Manual sum and count
powershell
$array = @(1, 2, 3, 4, 5)
$sum = 0
foreach ($num in $array) { $sum += $num }
$count = $array.Count
$average = if ($count -gt 0) { $sum / $count } else { 0 }
Write-Output "Average is $average"
This method manually sums and counts elements; it's more verbose but shows the calculation steps explicitly.
Using LINQ-like method with .NET
powershell
$array = @(1, 2, 3, 4, 5)
$average = [System.Linq.Enumerable]::Average($array)
Write-Output "Average is $average"
Uses .NET's LINQ Average method; requires the array to be compatible and may be less familiar to beginners.
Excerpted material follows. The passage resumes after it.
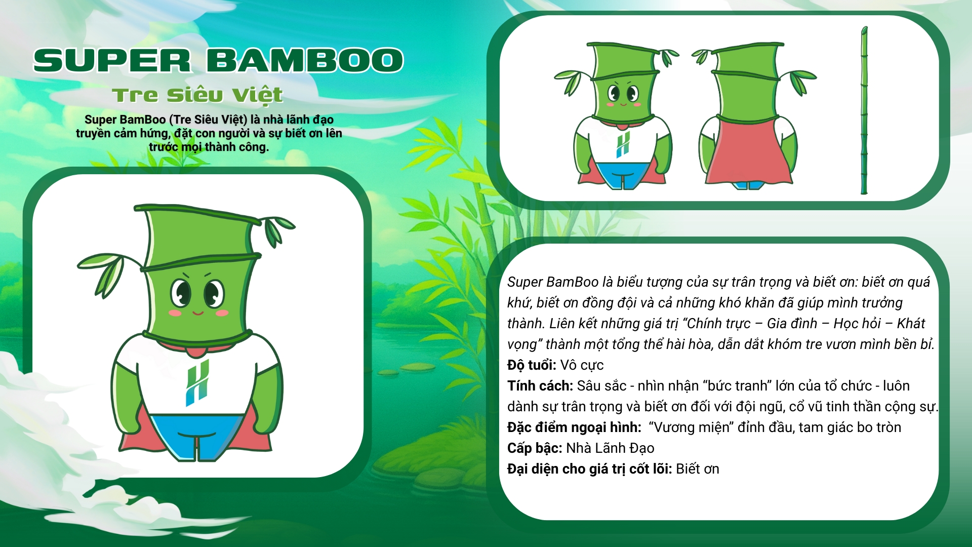Super Bamboo – Tre Siêu Việt chính là bản hợp thể của những cư ấy và đây cũng là biểu tượng của sự biết ơn. Đại diện cho đội ngũ lãnh đạo BOD, BOM, Super Bamboo không chỉ truyền cảm hứng mà còn nhắc nhở tập thể trân trọng quá khứ, tri ân đồng đội, coi mọi khó khăn là nền móng cho thành công, và từ đó bền bỉ vươn ra thế giới.

Complexity: O(n) time, O(1) space

Time Complexity

Calculating the average requires visiting each element once to sum values, so it is O(n) where n is the number of elements.

Space Complexity

The calculation uses a fixed amount of extra space regardless of input size, so it is O(1).

Which Approach is Fastest?

Using Measure-Object is efficient and concise; manual summing is similar in speed but more verbose; .NET LINQ may add overhead.

ApproachTimeSpaceBest For
Measure-Object -AverageO(n)O(1)Quick and simple scripts
Manual sum and countO(n)O(1)Learning and explicit control
.NET LINQ AverageO(n)O(1)When using .NET methods or complex queries
💡
Use Measure-Object -Average for a quick and simple average calculation in PowerShell.
⚠️
Beginners often forget to handle empty arrays, which can cause errors when calculating the average.